POSNER Between people here at State and the White House, and both the Office of the Secretary of Defense and Central Command, we’ve been constantly in discussion. The society is very polarized now, which creates instability. That’s not good for Bahrain, and that’s not good for our security relationship. Everybody is thinking about that as an element of what we’ve got to pay attention to. It’s not just how many ships sit in the port, or what the 5th Fleet is doing in military terms—it’s where they’re based, and what is the future for Bahrain as a more integrated and stable society. 

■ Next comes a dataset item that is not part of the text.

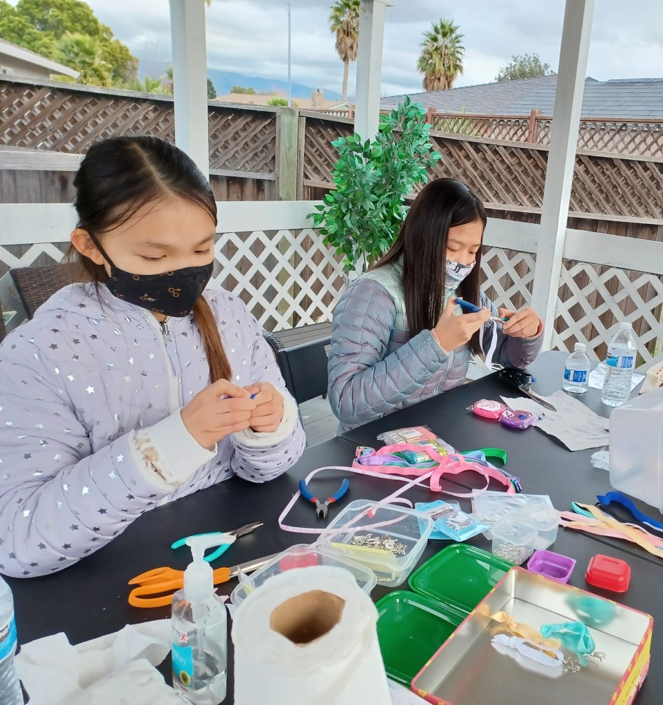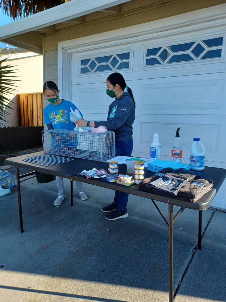 In the image above, Ms. Sarah Wood from Ohlone Humane Society showed us the trapping procedure of the TNR process. She taught us how to trap a community cat using a specific type of cage; what kind of food that is needed as bait; and so much more. We used what we learned from Ms. Sarah and the brochures she gave us to make our educational YouTube videos.In the above image, we were explaining the trapping process of TNR for our Mock Trapping Demonstration video. This was our first take. The entire final video can be found under the Educational Video section of this website (scroll to the top).The above image shows the two of us shopping at Michaels for our fundraiser project. We purchased pliers and jump rings to make our hair ties. Our other shopping place was Amazon, where we bought elastic bands and more pliers. Here we are working on our hair ties for our fundraiser. We used two different pliers to open up the jump rings and loop the charms through as well as the elastic bands. We had to be very careful not to damage the charms or the bands. Each hair tie we made is individually unique. Thank you to our customers for supporting our fundraiser. Your contribution went to a good cause!We met Ms. Diane Shaw, Vice President and Membership/Donation Manager of Ohlone Humane Society. The above photo shows Ms. Diane with the two cages we donated. They are filled with first aid kits and some cat food. These items are very useful for the TNR process. This picture also shows us wearing our custom made tee shirts for our Silver Award Project. Here is a close up of some of the items that we donated to Ohlone Humane Society. We provided some can foods, flashlights, puppy pads, paper towels, and much more.

NJ How is the process going in Tunisia and Libya?

POSNER Tunisia is the furthest advanced in terms of beginning a law and constitutional process that gives [civil society] a strong foundation. Still a ways to go, but there’s a pathway forward. I was in Libya a few weeks ago. They were coming out of 42 years of complete breakdown of every institution. A lot of things you’d need almost to start from scratch or to undo bad things. But the interim government is quite open to doing all that. Their own civil society is really trying to learn and play a role. So that’s all positive.

NJ Just before the Arab Spring protests spread in full force, Secretary of State Hillary Rodham Clinton last January warned from Qatar that the region’s foundations will be “sinking into the sand” if governments don’t respect their people’s reform aspirations.  Will we see more democracy and human rights in the Gulf?

POSNER These things happen. Earlier this month was the 35th anniversary of this bureau. Some people from the early years were reminiscing about what it was like to work in Latin America in 1978; others about Eastern Europe and the Soviet Union in 1980s. The world is moving in a direction where there’s a greater demand for free speech, free association, for democratic freedoms. I think there’s no country in the world at this point that’s immune from that. 

This article appears in the June 23, 2012 edition of National Journal Magazine.